Başbakan Yıldırım'ın konuşmasından notlar;

* Aslında tarım sektöründe havza çalışmaları köklü değişikliği işaret ediyor. Biz diyoruz ki kafana göre değil havzana göre. Bir bölgede pamuk ekildiyse öbür bölgede buğday pirinç ekilecek.

*Bütün il ve ilçelerimizi kapsayan bir çalışma yapıldı. Bugün çiftçinin elinde bir rehber var. Nerelere hangi ürünlere ekersek oralardan destek alacağız.

* Çiftçi yaptığı işten memnun değilse bir yerde bir yanlış var demektir. Bakanımız bütün detayları anlattı. Tarım sektörüne tam 90 milyar TL destek verdik. Tarım sektörü bunu hakediyor. Bu destekler daha fazla olmalı. Tarım sektörü gelişme sağlayan desteklerin başında olmaya devam ediyor.

'YILDA İKİ KEZ ÖDENECEK'

* Bu destekler yıl boyu küçük küçük rakamlarla veriliyor. Parça pinçik vermek yerine yılda iki sefer; bir ekerken bir de biçerken, nisan-mayıs ve eylül-ekimde vererek bu işi sadeleştirelim. Yani aldığından da bir şey anlasın çiftçilerimiz. Bu karar önemli bir karar.

* Bir yıl içinde 14-15 milyar destek yapacağız. Bir yarısını nisan-mayıs diğer yarısını eylül ekimde vereceğiz. Siz de işinizi ona göre yapacaksınız. Tarım sektörümüzün birçok ihtiyacı sorunu var.

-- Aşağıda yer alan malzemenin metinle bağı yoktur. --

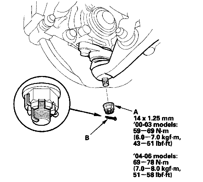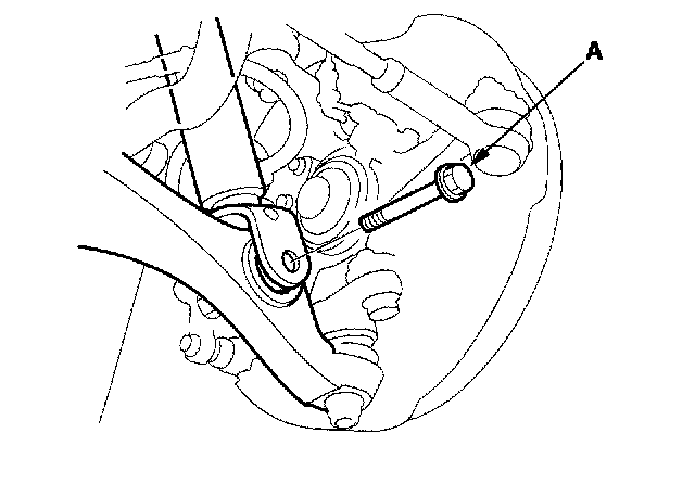 6. Install the castle nut (A) onto the lower ball joint pin, and tighten it to the specified torque value.

'DEPONUN YARISI SİZDEN YARISI BİZDEN'

* İki önemli gider kalemi var. Maliyetleri iki önemli kalem olan gübre ve yakıtta azalmalara gideceğiz. Gübrede KDV'leri kaldırdık. Tarım Kooperatifleriyle ayrıca ucuzladı. Gübrede mesafe aldık.

* Mazot için de diyoruz ki deponun yarısı sizden yarısı bizden. Hayırlı uğurlu olsun. Sulamayla ilgili problemlerimiz var. Sulama ve toplulaştırma. Bir toplulaştırmayı hızlandırmalıyız. Miras nedeniyle büyük tarlalar bölünüyor, kimsenin işine yaramıyor. Mirasla bölünmeye yönelik kanuni düzenleme de yaptık.

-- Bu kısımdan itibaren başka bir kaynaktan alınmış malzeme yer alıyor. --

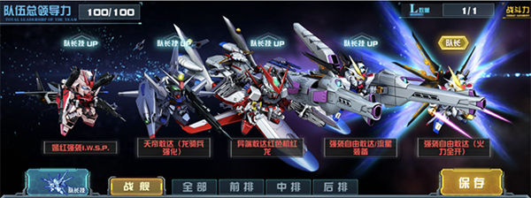 队长技:推荐由嫣红强袭I.W.S.P或强袭自由敢达(火力全开)担任队长,可大幅提升全队输出爆发力,尤其适合快速压制对手前排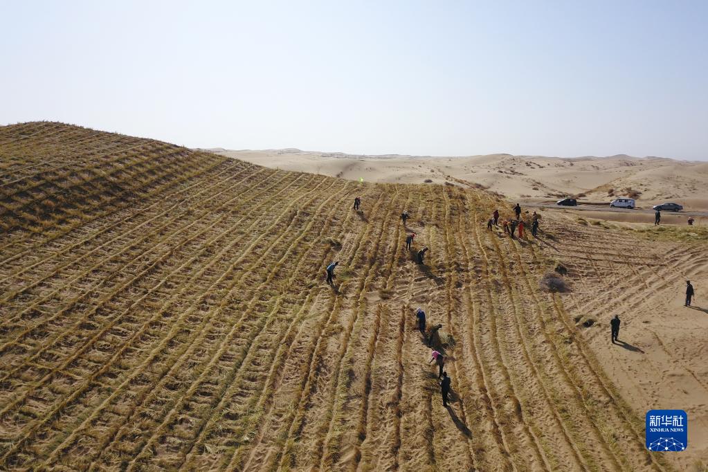 在甘肅省武威市古浪縣北部沙區旱麻崗治沙點,八步沙林場治沙人和群眾一起扎草方格壓沙(2020年3月6日攝,無人機照片)。新華社記者 范培珅 攝

* 2023'e kadar 7 milyon hektar tarım arazisi toplulaştıracağız. Bakanlar Kurulu olarak aldığımız kararla sulamada sorumluluğu Gıda Tarım ve Hayvancılık Bakanlığı'na veriyoruz. Tarlalarda kapalı sulama her türlü sulama işinin sorumluluğu Tarım Bakanlığımızın olacak.

'184 OVAMIZI KORUMA ALTINA ALIYORUZ'

* Milli Tarım Projesi'nin bir de hayvancılık tarafı var. 12 milyondan 23,5 milyona çıktı. Yine önemli bir mesafe kaydetti. Bugüne kadar Avrupa'nın en büyük tarımsal hasılasına sahip Türkiye. 3. büyük Tohum Gen Bankası'nı da ülkemizde kurduk.

* Damızlık hayvancılığını önemsemeliyiz. Hayvancılıkta kendimize yetecek bir ülke haline gelmeliyiz. Tarım alanlarımızın korunmasına yönelik 184 ovamızı koruma altına alıyoruz. Buralara fabrika ve bina yapılmayacak. Bu alanlar dışında yapılacak. Şehirleşmede görüyoruz tarım arazilerinde beton binalar yükseliyor. Bereketli topraklar beton yığınına dönüşüyor.

* Buğdayla koyun gerisi oyun. Bizim beslenme geleneğimizde bu var. Diğerleri de önemli ama stratejik olarak en önemlisi bunlar. Gereken tedbirleri bu konuda alacağız. Meralarımız alçak terör elemanlarıyla değil, çobanlarımız çiftçilerimiz ülkemizin hayvancılığı ile daha da şenlenecek.